((

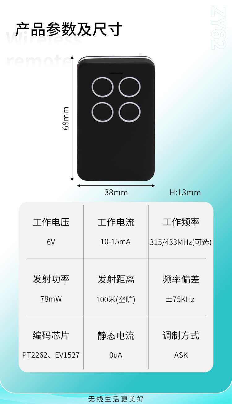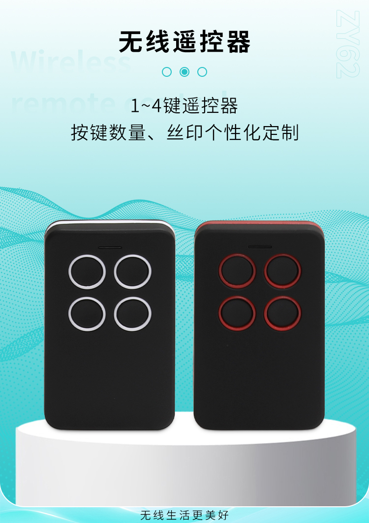 ZY62-4是一款具有4個觸發按鍵的丝瓜视频下载污遙控器,可以跟本公司的接收模塊或控製器配套使用;也可以單獨為客戶丝瓜视频在线下载观看,一般丝瓜视频在线下载观看於丝瓜视频下载污電設備的遙控;如節能燈光、家庭防盜係統、工業或家庭遙控控製等。ZY62-4丝瓜视频下载污遙控器,具有可靠性高、頻率穩定、穿透能力強等特點;其內部電路設計采用聲表麵諧振器穩頻,全部采用SMD工藝,頻率315MHZ或433MHZ可選,編碼芯片采用EV1527,供電電源采用內置CR2016兩節共6V電池供電。
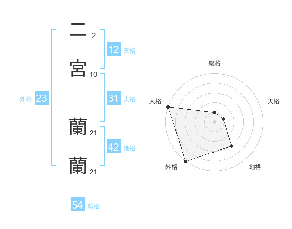 二宮 蘭蘭さんを姓名の画数から五運を鑑定
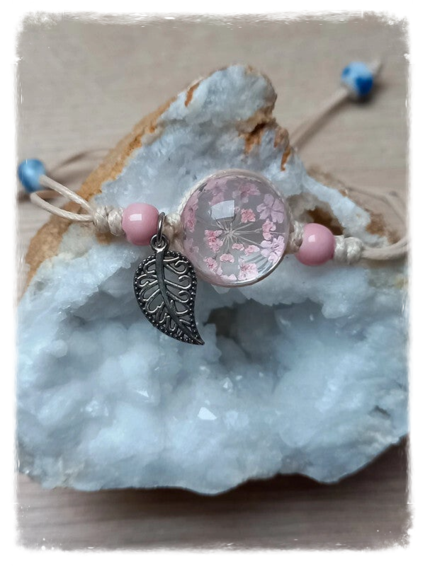 Joli bracelet en fleur pressée fabriqué avec des fleurs véritables pressées dans un morceau de verre.
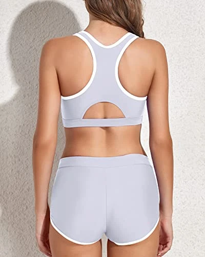 Women Sporty Racerback Crop Top Shorts Bathing Suits-Light Gray

))

- Task prompt:
Set down all of the data word for word; no pictures belong in it.

- Reply:
 ZY62-4是一款具有4個觸發按鍵的丝瓜视频下载污遙控器,可以跟本公司的接收模塊或控製器配套使用;也可以單獨為客戶丝瓜视频在线下载观看,一般丝瓜视频在线下载观看於丝瓜视频下载污電設備的遙控;如節能燈光、家庭防盜係統、工業或家庭遙控控製等。ZY62-4丝瓜视频下载污遙控器,具有可靠性高、頻率穩定、穿透能力強等特點;其內部電路設計采用聲表麵諧振器穩頻,全部采用SMD工藝,頻率315MHZ或433MHZ可選,編碼芯片采用EV1527,供電電源采用內置CR2016兩節共6V電池供電。
 二宮 蘭蘭さんを姓名の画数から五運を鑑定
 Joli bracelet en fleur pressée fabriqué avec des fleurs véritables pressées dans un morceau de verre.
 Women Sporty Racerback Crop Top Shorts Bathing Suits-Light Gray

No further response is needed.